## [Task inputs]

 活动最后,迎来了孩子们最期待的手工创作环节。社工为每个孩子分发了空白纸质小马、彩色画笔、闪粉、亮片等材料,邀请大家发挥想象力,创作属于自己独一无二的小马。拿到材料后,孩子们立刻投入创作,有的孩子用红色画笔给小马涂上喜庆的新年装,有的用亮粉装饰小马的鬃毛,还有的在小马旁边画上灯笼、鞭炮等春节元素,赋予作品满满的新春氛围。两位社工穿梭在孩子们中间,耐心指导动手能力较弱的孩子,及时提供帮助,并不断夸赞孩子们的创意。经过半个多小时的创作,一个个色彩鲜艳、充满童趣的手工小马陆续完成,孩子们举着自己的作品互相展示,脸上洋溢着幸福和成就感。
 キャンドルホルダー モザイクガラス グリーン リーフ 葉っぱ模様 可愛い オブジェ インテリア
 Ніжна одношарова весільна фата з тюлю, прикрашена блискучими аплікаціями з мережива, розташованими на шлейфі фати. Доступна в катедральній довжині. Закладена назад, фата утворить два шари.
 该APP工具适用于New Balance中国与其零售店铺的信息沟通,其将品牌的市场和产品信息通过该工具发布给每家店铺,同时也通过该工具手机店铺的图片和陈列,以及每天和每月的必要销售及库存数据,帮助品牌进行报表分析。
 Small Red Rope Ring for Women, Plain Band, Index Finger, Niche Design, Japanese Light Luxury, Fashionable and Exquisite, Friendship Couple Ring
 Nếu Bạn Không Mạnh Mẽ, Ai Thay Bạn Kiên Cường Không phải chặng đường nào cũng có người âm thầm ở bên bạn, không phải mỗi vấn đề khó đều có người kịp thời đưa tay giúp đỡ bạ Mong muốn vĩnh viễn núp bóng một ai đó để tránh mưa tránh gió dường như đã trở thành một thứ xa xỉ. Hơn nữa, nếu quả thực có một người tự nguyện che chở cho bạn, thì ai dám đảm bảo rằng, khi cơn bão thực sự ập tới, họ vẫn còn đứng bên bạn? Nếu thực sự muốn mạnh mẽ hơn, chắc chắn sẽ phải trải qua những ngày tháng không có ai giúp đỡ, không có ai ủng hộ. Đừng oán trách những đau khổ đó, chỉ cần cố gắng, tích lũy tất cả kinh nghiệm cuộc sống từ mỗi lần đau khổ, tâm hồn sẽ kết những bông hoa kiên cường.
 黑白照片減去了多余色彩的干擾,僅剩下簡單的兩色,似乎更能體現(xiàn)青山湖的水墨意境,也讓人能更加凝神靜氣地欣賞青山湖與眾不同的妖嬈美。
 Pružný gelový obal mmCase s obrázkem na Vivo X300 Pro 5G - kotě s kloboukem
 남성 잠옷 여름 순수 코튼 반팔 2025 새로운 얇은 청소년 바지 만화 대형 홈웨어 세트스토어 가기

## [To do]
Please transcribe the records in full, keeping every word as it is.

## [Solution to this problem]
 活动最后,迎来了孩子们最期待的手工创作环节。社工为每个孩子分发了空白纸质小马、彩色画笔、闪粉、亮片等材料,邀请大家发挥想象力,创作属于自己独一无二的小马。拿到材料后,孩子们立刻投入创作,有的孩子用红色画笔给小马涂上喜庆的新年装,有的用亮粉装饰小马的鬃毛,还有的在小马旁边画上灯笼、鞭炮等春节元素,赋予作品满满的新春氛围。两位社工穿梭在孩子们中间,耐心指导动手能力较弱的孩子,及时提供帮助,并不断夸赞孩子们的创意。经过半个多小时的创作,一个个色彩鲜艳、充满童趣的手工小马陆续完成,孩子们举着自己的作品互相展示,脸上洋溢着幸福和成就感。
 キャンドルホルダー モザイクガラス グリーン リーフ 葉っぱ模様 可愛い オブジェ インテリア
 Ніжна одношарова весільна фата з тюлю, прикрашена блискучими аплікаціями з мережива, розташованими на шлейфі фати. Доступна в катедральній довжині. Закладена назад, фата утворить два шари.
 该APP工具适用于New Balance中国与其零售店铺的信息沟通,其将品牌的市场和产品信息通过该工具发布给每家店铺,同时也通过该工具手机店铺的图片和陈列,以及每天和每月的必要销售及库存数据,帮助品牌进行报表分析。
 Small Red Rope Ring for Women, Plain Band, Index Finger, Niche Design, Japanese Light Luxury, Fashionable and Exquisite, Friendship Couple Ring
 Nếu Bạn Không Mạnh Mẽ, Ai Thay Bạn Kiên Cường Không phải chặng đường nào cũng có người âm thầm ở bên bạn, không phải mỗi vấn đề khó đều có người kịp thời đưa tay giúp đỡ bạ Mong muốn vĩnh viễn núp bóng một ai đó để tránh mưa tránh gió dường như đã trở thành một thứ xa xỉ. Hơn nữa, nếu quả thực có một người tự nguyện che chở cho bạn, thì ai dám đảm bảo rằng, khi cơn bão thực sự ập tới, họ vẫn còn đứng bên bạn? Nếu thực sự muốn mạnh mẽ hơn, chắc chắn sẽ phải trải qua những ngày tháng không có ai giúp đỡ, không có ai ủng hộ. Đừng oán trách những đau khổ đó, chỉ cần cố gắng, tích lũy tất cả kinh nghiệm cuộc sống từ mỗi lần đau khổ, tâm hồn sẽ kết những bông hoa kiên cường.
 黑白照片減去了多余色彩的干擾,僅剩下簡單的兩色,似乎更能體現(xiàn)青山湖的水墨意境,也讓人能更加凝神靜氣地欣賞青山湖與眾不同的妖嬈美。
 Pružný gelový obal mmCase s obrázkem na Vivo X300 Pro 5G - kotě s kloboukem
 남성 잠옷 여름 순수 코튼 반팔 2025 새로운 얇은 청소년 바지 만화 대형 홈웨어 세트스토어 가기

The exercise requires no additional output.